Le taux d'incidence standardisé (TSM) tous cancers est de 58,1 pour 100 000 PA (patients-années). Il augmente avec l'âge : 20,5 pour 100 000 PA chez les 15-19 ans, 31,1 chez les 20-24 ans, 53,2 chez les 25-29 ans, 84,7 chez les 30-34 ans, et 130,3 chez les 35-39 ans. Le TSM est plus faible chez les hommes (47,2) que chez les femmes (68,9), des chiffres comparables aux données américaines et européennes notent les épidémiologistes français. 

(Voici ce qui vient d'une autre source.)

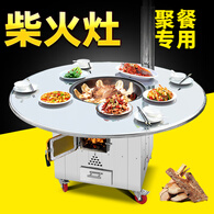 襄睿不锈钢柴火灶柴火鸡灶台农村家用灶烧柴大铁锅灶台移动地锅带桌子 1.2米圆桌【54锅】
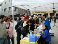 Les pratiquants de Falun Gong qui étaient présents à l’activité ont dit que de plus en plus de gens voulaient recevoir du matériel de clarification de la vérité. Les gens désirent entendre parler de Falun Dafa. Des groupes de touristes chinois ont aussi silencieusement écouté les extraits des Neuf commentaires sur le Parti communiste diffusés par la Radio Son de l’Espoir. Ils ont aussi lu attentivement les informations qui se trouvaient sur les panneaux. Ils ont tous accepté une copie des Neuf commentaires et d’autres documents de clarification de la vérité. De nombreuses personnes sont restées un bon moment pour discuter avec les pratiquants du Falun Gong de l’importance et des méthodes pour démissionner du PCC et de ses organisations affiliées.
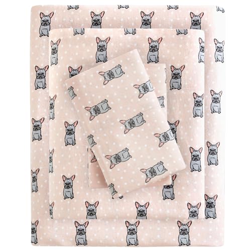 True North by Sleep Philosophy Cozy Flannel Warm 100% Cotton Sheet - Novelty Print Animals Stars Cute Ultra Soft Cold Weather Bedding Set, King, Pink French Bulldog 4 Piece
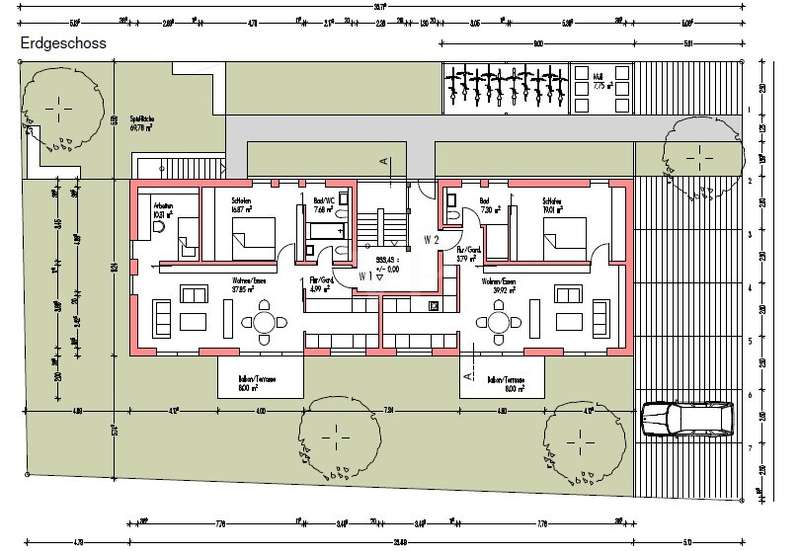Built in 2014, this apartment building is situated on a plot of approx. 670 m² in a quiet yet centrally located residential area. The building has a total living space of around 415 m², which is divided into four spacious 3-bedroom apartments and one 2-bedroom apartment. All units have a well thought-out layout and offer contemporary furnishings that guarantee long-term rentability. The property has been let continuously without vacancy since completion. The current net cold rental income is approx. 53,460 euros per year and offers further potential for growth due to the location and the quality of the fixtures and fittings. Thanks to the solid construction, the as-new condition and the fact that there is no elevator, the maintenance costs are extremely low, making this property a stable and secure investment. The apartments are characterized by bright rooms, open-plan living and dining areas and high-quality materials. Modern double glazing, easy-care floor coverings and central heating ensure efficient living comfort. The bathrooms have a timeless design and are fitted with high-quality sanitary ware. Each apartment has its own cellar room. There is also a communal cellar with space for baby carriages and garden tools, as well as a separate laundry room. The property is easy to maintain and offers a total of seven outdoor parking spaces. There is also a storage room on the property for bicycles and garbage cans. With a reliable rental structure, stable income and additional development potential, this apartment building represents a high-yield and future-proof investment. We would be happy to provide you with further information or arrange a viewing.
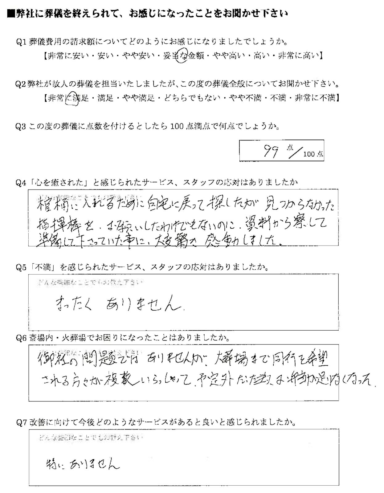 Q この度の葬儀で満足を感じられた事をお聞かせ下さい
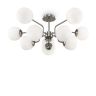 Металлическая арматура, цвет – никель, латунь. Плафоны – выдувное стекло белого цвета. Широкая семья. У торшера и настольной лампы можно изменять положение плафона. Регулируемая высота.
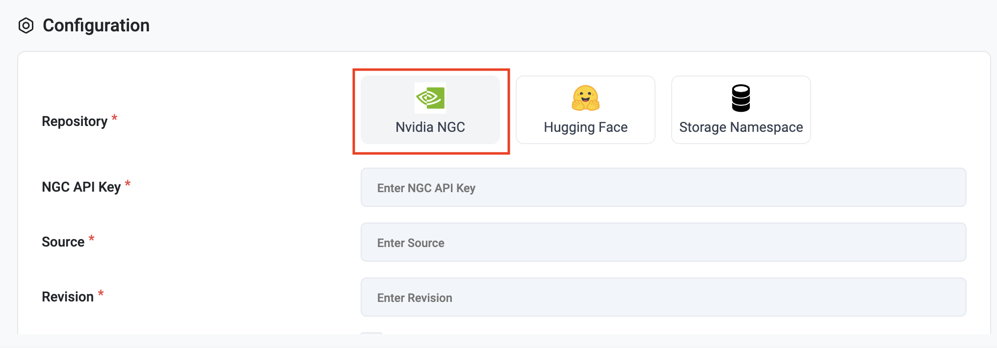 When this option is selected, the model weights and related information is downloaded during deployment from Nvidia's NGC Catalog. You need to provide the following details in order for the Rafay Platform to access NGC
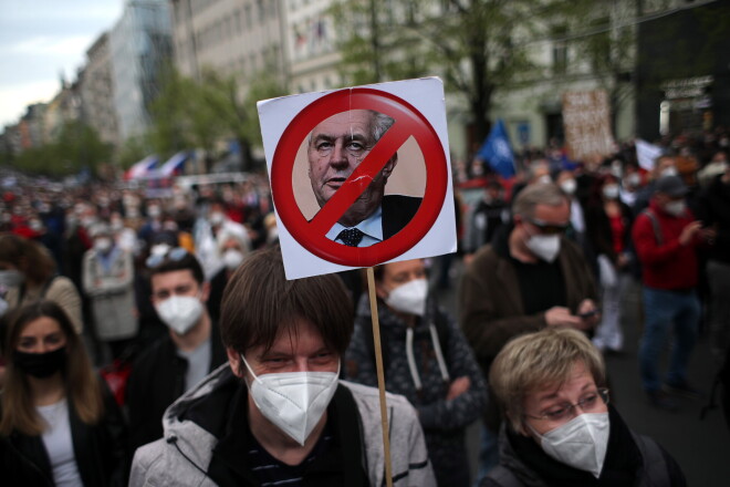 Ceturtdien Prāgas centrā sapulcējušies aptuveni 10 000 cilvēku protestā pret Čehijas prezidenta Miloša Zemana promaskavisko politiku.
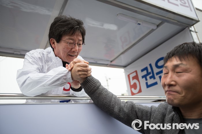 (대구=포커스뉴스) 유승민 무소속 동구을 후보가 6일 오후 대구광역시 북구 칠성시장 앞에서 한 지지자의 손을 잡아주고 있다.
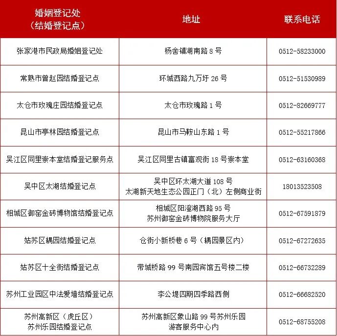 婚姻登记业务咨询:0512-55217866、55216856

« L’analyse des variations annuelles, portant sur 72 % de l’effectif total (N=39 159), montre une augmentation moyenne de 1,62 % par an du taux d’incidence brut entre 2000 et 2014 suivie ensuite d’une baisse de – 0,79 % par an.» précise également les épidémiologistes. 

Une flambée de certains cancers ?

Un certain nombre de types de cancer ont connu une évolution importante sur la période 2000-2020. L’incidence du lymphome de Hodgkin (LH) a augmenté de 1,86 % par an, en particulier pour la forme scléro-nodulaire. « Bien que les causes spécifiques du LH soient peu connues, la recherche étiologique s’oriente sur des facteurs environnementaux ou infectieux tels que les infections virales (comme le virus Epstein-Barr), les antécédents familiaux, l’immunosuppression, ou les rayonnements d’imagerie diagnostique » notent les auteurs. 

Les glioblastomes connaissent une progression annuelle de 6,11 %, probablement liée à une meilleure classification et à l’amélioration des techniques diagnostiques. Les liposarcomes, quant à eux, enregistrent une hausse de 3,68 % par an, impactée par l’introduction de la génétique moléculaire. 

Concernant les cancers colorectaux (hors appendice), on observe une augmentation de 1,43 % par an, un phénomène constaté à l’échelle internationale, avec une agressivité accrue chez les jeunes patients. Les cancers du rein progressent de 4,51 % par an. Les épidémiologistes attribuent l’augmentation de ces 2 cancers à l’obésité, sans certitude toutefois. 

L’incidence des cancers du sein augmente de 1,60 % par an chez les femmes, avec une hausse des tumeurs invasives à un stade avancé. Sur ce point, les auteurs écrivent : « Il paraît important de corréler cette augmentation d’incidence à des variations dans les comportements liés à la procréation (diminution du nombre d’enfants, âge plus tardif à la première grossesse, contraception, …) et à la moindre pratique de l’allaitement. Le rôle des habitudes de consommation d’alcool et de tabac ne peut être excluL’irradiation médicale (diagnostique ou thérapeutique, notamment en cas de cancer pendant l’enfance) est également un facteur de risque reconnu mais dont l’évolution dans le temps est difficile à préciser ».

Les mélanomes ont connu une augmentation de 4,67 % par an jusqu’en 2010, suivie d’une baisse de 3,05 % par an, ces tendances peuvent refléter l’efficacité d’interventions en faveur de comportements préventifs tels que la protection solaire. 

Enfin, les carcinomes de la thyroïde ont progressé de 3,62 % par an jusqu’en 2015 avant de chuter fortement de 9,34 % par an, conséquence probable d’un changement des pratiques diagnostiques.

L'étude conclut sur la nécessité de poursuivre les efforts de surveillance épidémiologique et de prévention ciblée sur les facteurs de risque identifiés.

Pour en savoir plus : https://www.santepubliquefrance.fr/maladies-et-traumatismes/cancers/cancer-du-colon-rectum/documents/enquetes-etudes/incidence-et-son-evolution-entre-2000-et-2020-des-cancers-chez-les-adolescents-et-jeunes-adultes-15-39-ans-dans-les-departements-francais-couvert

*Pour nos lecteurs les plus férus d’épidémiologie : l'évolution de l'incidence a été évaluée par une régression de Poisson et une détection des points de rupture via le logiciel Joinpoint.